胡立德拿过那本只有巴掌大小的笔记,随手翻了翻,见没写什么东西,又折回扉页,扉页那贴有一张照片,拍的是一个少年,嗯……或者说是青年?
乍一看还不太好判断年纪,从外貌上看,其实挺年轻的,长得挺不错,放学校里是会有少数女生追的男生,但略黑的眼圈让人感觉他带着一种只有成年人才有的班味儿。
虽然这种疲惫感也会出现在一些内卷的学生身上,但总归还是有点不一样的。
这时,武田崇也凑了上来,盯着照片观察了一会便皱起来眉头,摸着下巴随口猜测道:“看起来像学生啊,不过……提早出社会上班了吗?”
“失忆了还能说得这么准?”胡立德调侃道。
武田崇摇了摇头:“一种感觉,而且的确是有区别的,不过挺难形容。”
这种区别很难形容,大概就是学生再内卷也不太需要承受被领导开除的风险,即便成绩稀烂对自己的下场也有明确预期,写作业就是写作业,不会额外布置作业。
而上班狗的脸上,却常常带有那种随时会被开除,以及随时会被安排额外工作的惊吓感,这个少年脸上恰恰就有类似的气质。

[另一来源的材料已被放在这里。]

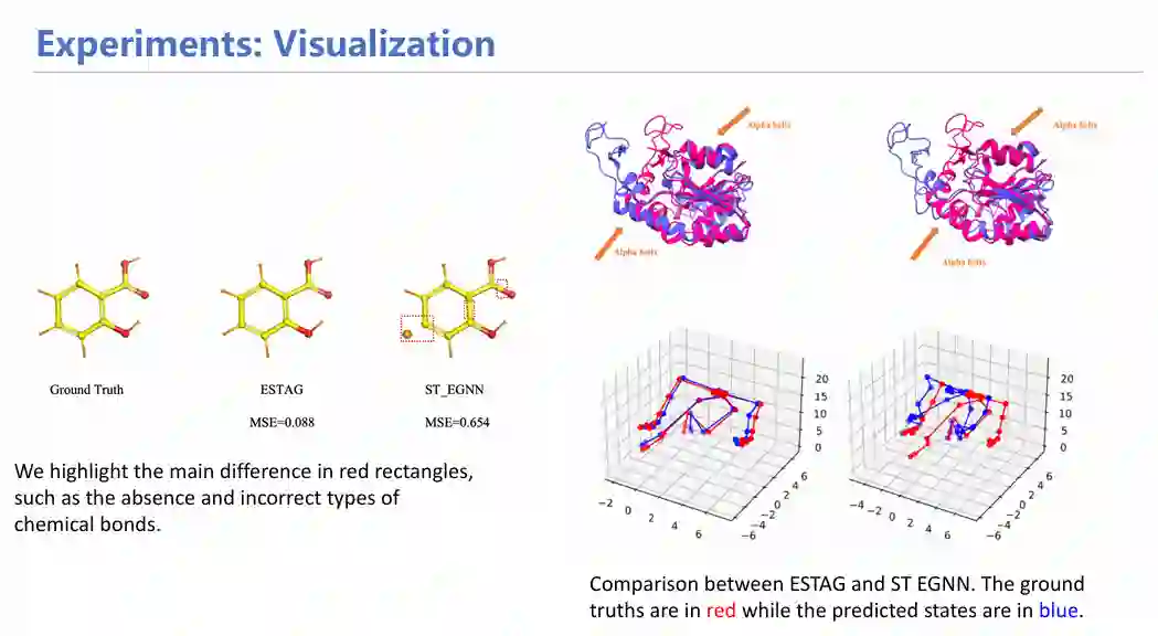 通过在分子模拟数据集MD17上的实验,我们证实了融合时空信息确实能够让模拟性能提升一个数量级,从更宏观的蛋白数据集上也收获到了类似的效果。可视化实验也证明了ESTAG能够在预测过程中保留EGNN丢失的化学键,并能更精确地生成蛋白质alpha折叠和人体姿态数据。

虽然照片里的背景是游乐园的摩天轮,他也笑得很开心,似乎是拍摄于快乐的休假日,但若仔细品味,那眉宇间隐约的不安气质却挥之不去,就像一条被绑了十几年的看门狗被偶尔放出来,撒欢的同时一直担心着会不会被马上叫回家去,继续看门。
如果他在上班,那就很合理了。
毕竟上班狗没有真正的休假,领导随时都有可能会发信息来。
“感觉像是偷渡客,打黑工的那种人。”胡立德说。
尽管他们全都丢失了记忆,但潜意识的判断习惯,还依照着过去生活环境的思维惯性,稳定且顽固地发挥着作用。
“是吗?总之你们是没见过他喽?”少女遗憾地叹了口气。
“对,没见过,不过之后如果遇到了,第一时间和你说。”武田崇点了点头,将笔记交还给对方。
他沉吟了片刻,像是在思索什么,几秒后,开口提议道:“那个……既然你没有其他同伴,要不要来我们营地?大家在一起更安全些,而且也可以交流情报。而且我们营地里有很多普通人需要保护,正需要强大的战力。”
“好啊好啊!”少女连连点头,非常乐意。
“那我们走吧?我们还有另一个同伴就在附近,我去叫他。”武田崇冲胡立德轻轻点头,然后朝之前他们所在的山崖另一边的方位走去。
胡立德心里门儿清,知道他是在提醒自己看紧这个少女。
毕竟对方的实力很强,虽然嘴上说着要和他们一起回营地,但是心里有没有其他打算,却也不是他们能猜到的。
但胡立德也并不太担忧,因为简单交手下来,他也对少女有一定了解了,她的反应速度和身体素质,还有爆发力自然都是一流的,就连破坏力也非常强悍。